Bolt patterns are the same, wiring is diffrent manual/auto, not positive about the year to year differences, but i'm fairly certain they are all the same, at least untill the S14


----------



## Trippen (Feb 21, 2006)

Hello All,
After 2 days of nothing but searching these forums and other forums. And Motors and Trannies I am missing something very basic. I have an 89 240sx with the KA24e motor and Auto Trani- Now I want a CA18det Motor since My KA24e has a burnt valve. I use this car as a daily driver in Heavy Austin Traffic in the evenings. Hence wanting the Auto Trani. I have the suspension already just arrived yesterday::thumbup: . RS-R race springs and KYB-AGX shocks and struts. 

Ok My questions-
1> What Motor Bolts Directly up to my mounts And Trani?
or
2> Does Anyone know where to get a CA18DET with an Auto Trani that is a good business?

3>When I swap my KA24E motor to a CA18DET motor what parts of the exhaust needs to be changed at the Swap. Do I need a larger pipe and Cat etc etc etc?

Thanks in advance


----------



## zellx2004 (Sep 30, 2004)

Research the SR Swap. The CA is the same swap as the SR, with the exception of the wiring. I've never seen a write up about the wiring, but I'm pretty sure someone could shed some light on that for you.
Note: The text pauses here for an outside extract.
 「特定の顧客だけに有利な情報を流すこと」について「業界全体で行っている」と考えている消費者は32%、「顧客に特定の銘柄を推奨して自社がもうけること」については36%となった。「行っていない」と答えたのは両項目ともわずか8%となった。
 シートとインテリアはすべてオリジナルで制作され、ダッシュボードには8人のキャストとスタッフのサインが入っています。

I'm telling you now, most of the good CA's are gone. They're pretty old engines, and are hard to come by in a decent condition. I have a question for you? Why not just swap in the DOHC ka?


----------



## Trippen (Feb 21, 2006)

Thanks I think.....

Now are the Bolt patterns in the Mounts and the Trani the same for the 
KA24De Motor and The KA24e motor? A\

And is the SR20DET and the CA18DET the same patterns..
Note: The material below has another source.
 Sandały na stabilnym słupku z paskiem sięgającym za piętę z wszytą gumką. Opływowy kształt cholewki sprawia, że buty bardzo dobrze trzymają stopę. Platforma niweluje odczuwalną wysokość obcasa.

Basicly.....everyone talks about swapping but who knows what is really compatible with what? I Know in domestic cars there are many many different Trannie and Motor combos...It seems that every one just swaps to swap what is the real deal?? Does any one know the bolt patters and the compatible trannies? If I dont need to swap an engine and trannie then I wont. Then I can save myself a ton of time and one less thing not to worry about. I know my trannie is solid.


----------



## Trippen (Feb 21, 2006)

Ok I answered my own Question......KA24DE and KA24E motors have the same bolt pattern. Basically what I found out is that All KA motors and Tranis bolt to each other. Please someone correct me if they know any better. From what I have dug up some of the wiring my be different for the Tranis between motors. Does anyone Have a clue on this wiring difference? I am thinking neutral safety switch reverse switch...May be Speedometer?


----------